Yes it’s hard to say with certainty what will work better or worse especially since we’re not working with precise mathematical theory. Thorough testing is kind of our only hope. I know biological synapses in the CNS can grow and decay in strength very rapidly especially at the site of dendritic spines. Continuous fine-grained adjustments to synapse strengths could be an important ingredient to learning also beyond static representational capacity.
Some other thoughts:
Even with 4.7 bits of information per synapse, the activation map at each iteration would still exist as a binary SDR. Biological neurons either fire or they don’t fire because of their chemistry; there’s no such thing as a partial action potential. That much is known. What is not binary in neuroscience is the strength of synaptic transmissions and that is a place where HTM is inconsistent with biology. All HTM neuron synapse transmissions are functionally equal regardless of the corresponding synapse strength. Using floating point synapse strength information would yield a more in-depth calculation for each neuron to decide whether the input from its dendritic branches should or should not cause an action potential (talking about columns of course in the context of the SP). Instead of saying “a neuron (column) will fire if any 10 of its synapses are excited at the same time” which ignores each per-synapse strength, you could set a realistic “voltage disturbance threshold” value across each neuron (column) that is either met or not met based on the sum of voltage disturbances caused by each excited synapse who contributes with a magnitude of voltage change directly proportional to that synapse’s strength; which is consistent with the biology.
This all still leads to a binary SDR of active or non-active neurons (columns) for each timestep, though. HTM networks (and brains) are based on large distributed patterns of independently acting neurons. The contribution of a single neuron (column) to an activation pattern in an HTM network is negligible; remember the experiments in the Numenta papers where a percentage of randomly chosen neurons were turned off in a learned network and the network still recovered/performed well. Thus the precise activity of a single neuron (column) with respect to an activation pattern is functionally irrelevant with large enough size; we only need to know if it fired or didn’t fire. Fine-grained representation about the “contribution” of each fired neuron (column) to a given pattern not only does not have a biological parallel but is also functionally irrelevant according to the theory. From the perspective of number theory, binary numbers present no limitation in the amount of theoretical information they can represent compared to any other base.

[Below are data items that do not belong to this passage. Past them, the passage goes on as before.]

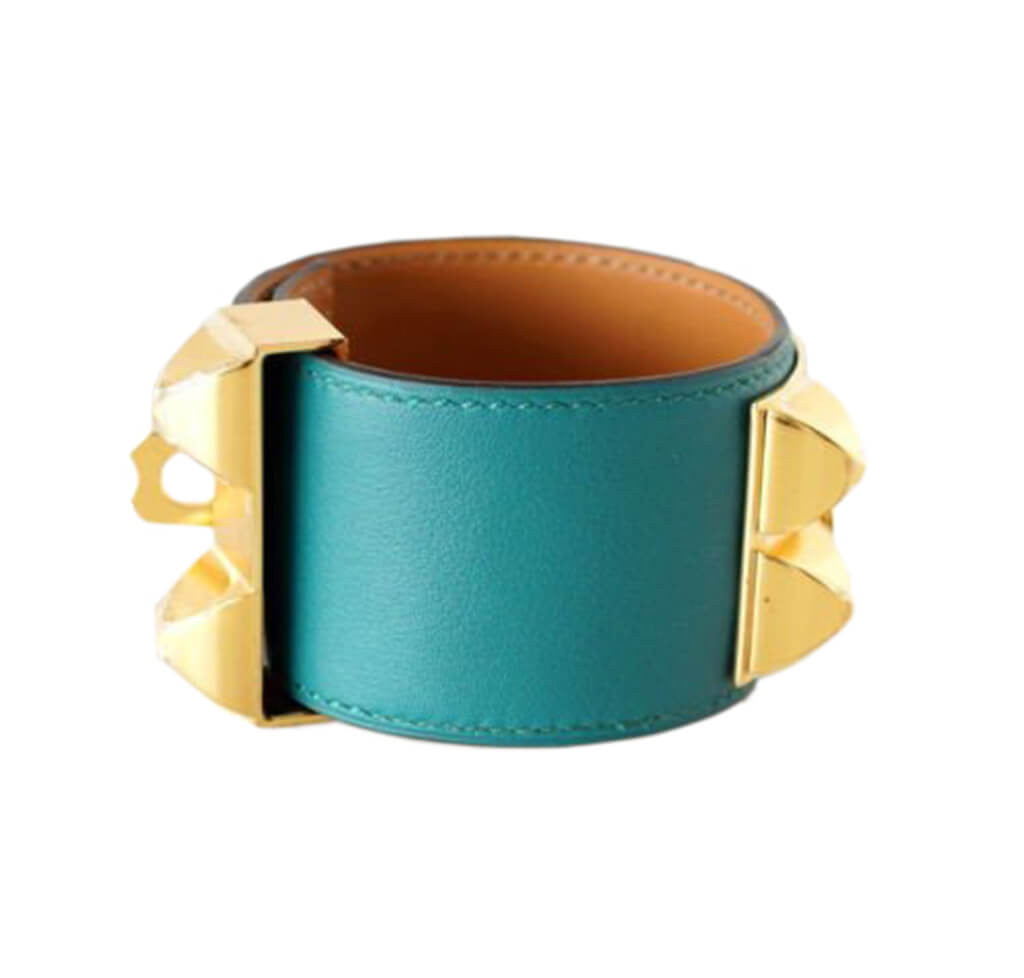 This Hermès Collier de Chien bracelet is featured in Malachite, which is a stunning green tone. The calfskin leather is incredibly smooth and is accentuated by gold hardware. The stamp on this store fresh Hermès bracelet is “Q” in a square, denoting 2013 as the year of production. This size small Hermès CDC bracelet is incredibly rare and has never been worn.
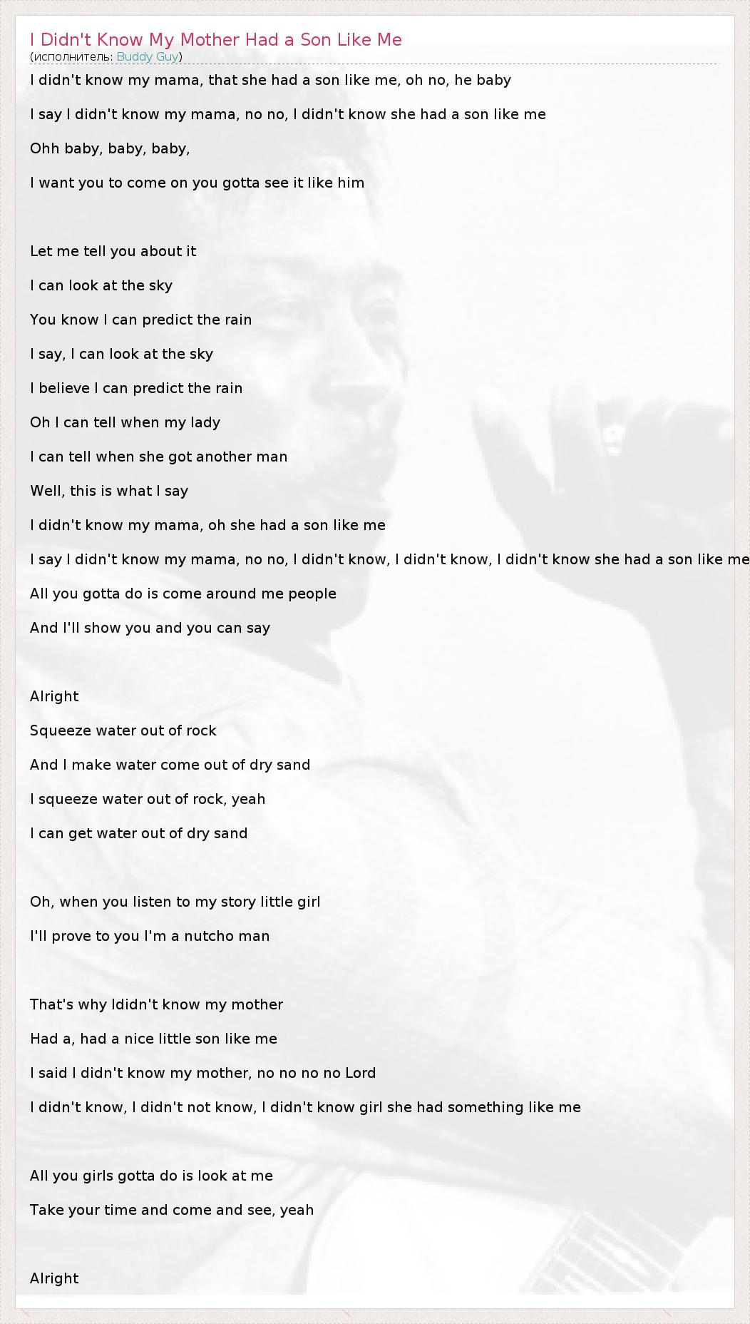 I didn't know my mama, that she had a son like me, oh no, he baby I say I didn't know my mama, no no, I didn't know she had a son like me Ohh baby, baby, baby, I want you to come on you gotta see it like him Let me tell you about it I can look at the sky You know I can predict the rain I say, I can look at the sky I believe I can predict the rain Oh I can tell when my lady I can tell when she got another man Well, this is what I say I didn't know my mama, oh she had a son like me I say I didn't know my mama, no no, I didn't know, I didn't know, I didn't know she had a son like me All you gotta do is come around me people And I'll show you and you can say Alright Squeeze water out of rock And I make water come out of dry sand I squeeze water out of rock, yeah I can get water out of dry sand Oh, when you listen to my story little girl I'll prove to you I'm a nutcho man That's why Ididn't know my mother Had a, had a nice little son like me I said I didn't know my mother, no no no no Lord I didn't know, I didn't not know, I didn't know girl she had something like me All you girls gotta do is look at me Take your time and come and see, yeah Alright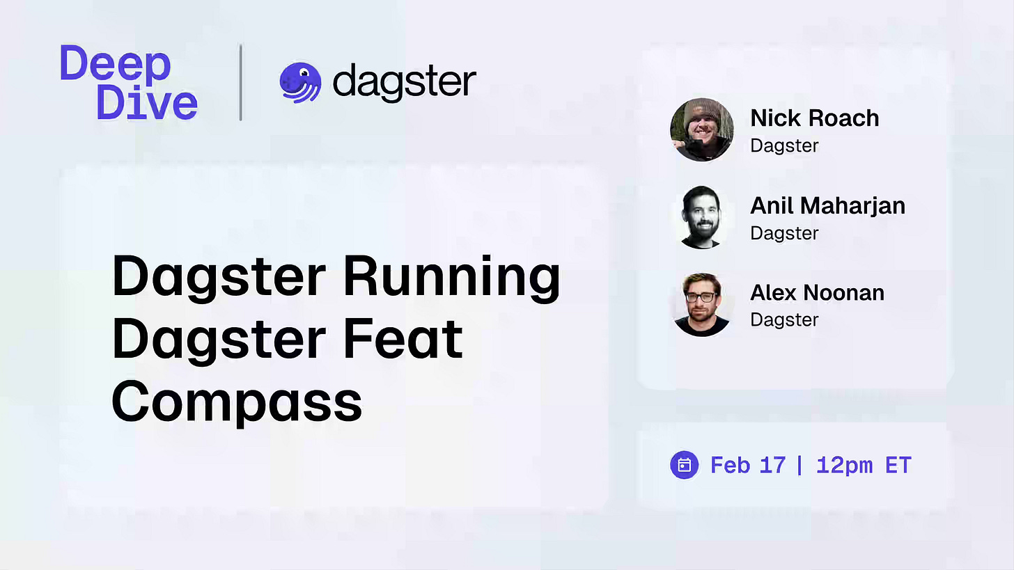 In this upcoming session, find out how Dagster's data team has increased its capacity, along with best practices for data modeling that work well with AI assistants. We'll also demo a real case where our Compass Dagster+ integration identified the root cause of a Postgres-to-Snowflake pipeline that was failing 40-50% of the time.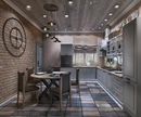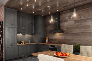 Пепельные оттенки – нефрит, металлик – типичны для производственных помещений. Делает интерьер более теплым керамика – на полу и на фартуке; терракотовый кирпич. Можно использовать обои с имитацией кладки.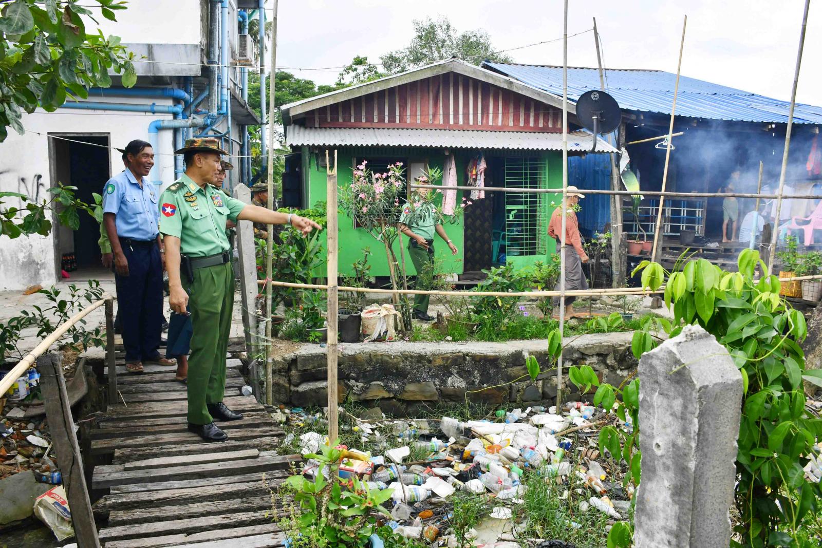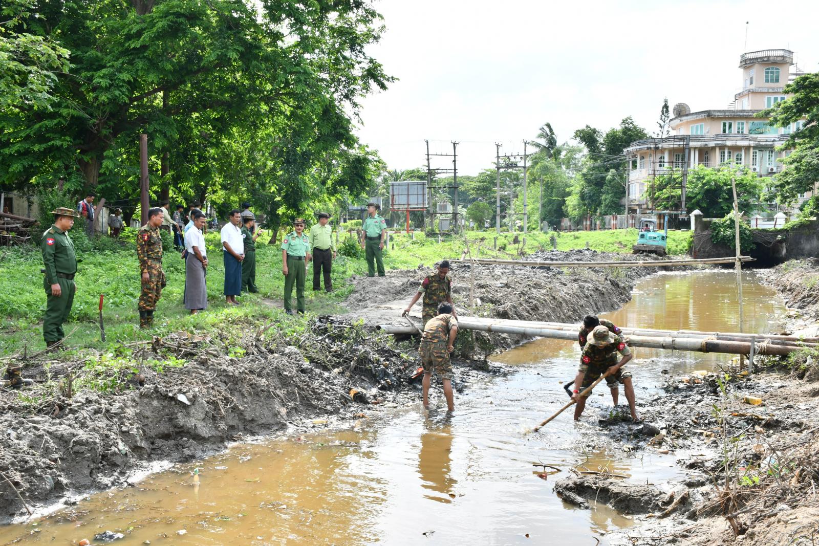 ရှေးဦးစွာ ဒုတိယဗိုလ်ချုပ်ကြီး လူအေးနှင့်တာဝန်ရှိသူများသည် ကျောက်ဖြူမြို့ အစိုးရရပ်ကွက်ရှိ ရေနုတ်မြောင်း ရေစီးရေလာကောင်းမွန်စေရေးအတွက် အဆိုပါရေနုတ်မြောင်းအတွင်းရှိ ပိတ်ဆို့နေသော စွန့်ပစ်အမှိုက်များအား ယန္တရားများ၊ သဘာဝဘေးအန္တရာယ် ကူညီကယ်ဆယ်ရေးအဖွဲ့၊ အမှတ်(၆) အရာရှိ၊ စစ်သည်များမှ ပြန်လည်တူးဖော်နေမှုအားလည်းကောင်း၊ သန်ပန်ချောင်းရပ်ကွက်ရှိ ရေနုတ်မြောင်းများအတွင်း အမှိုက်များပိတ်ဆို့နေမှုအား အမြန်ဆုံးပြန်လည်တူးဖော်နိုင်ရေးနှင့် ပင်လယ်အတွင်း ပလပ်စတစ်စွန့်ပစ်အမှိုက်များ မရောက်ရှိစေရေး၊ သဘာဝပတ်ဝန်းကျင် ထိခိုက်မှုလျော့နည်းစေရေးအတွက် ရေနုတ်မြောင်းများ ပြန်လည်တူးဖော်မည့်နေရာများကို သွားရောက်ကြည့်ရှုစစ်ဆေးပြီး စွန့်ပစ်အမှိုက်များအား စနစ်တကျစွန့်ပစ်စေရေး ညှိနှိုင်းဆောင်ရွက်ပေးပြီး တာဝန်ရှိသူများကို လိုအပ်သည်များ လမ်းညွှန်မှာကြားသည်။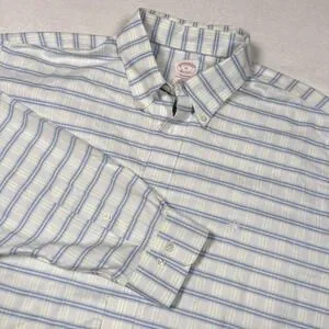 Details: Button-down collar, full button front placket, embroidered Brooks Brothers Golden Fleece logo on left chest, long sleeves with barrel cuffs and multiple buttons, back box pleat, curved shirttail hem, collared neckline.

I don’t know enough about the neuroscience/neurochemistry of NMDA spikes yet to comment on the relevance of floating point synapse strengths with respect to forming the predictive states of individual neurons in temporal memory. If it’s consistent with biology for predicted states of neurons to be non-binary (i.e. one predicted neuron could be more depolarized than another predicted neuron), which I suspect it is, it’d be similarly interesting to see if a floating point voltage disturbance value instead of a binary “predicted or not predicted” leads to better performance or insight.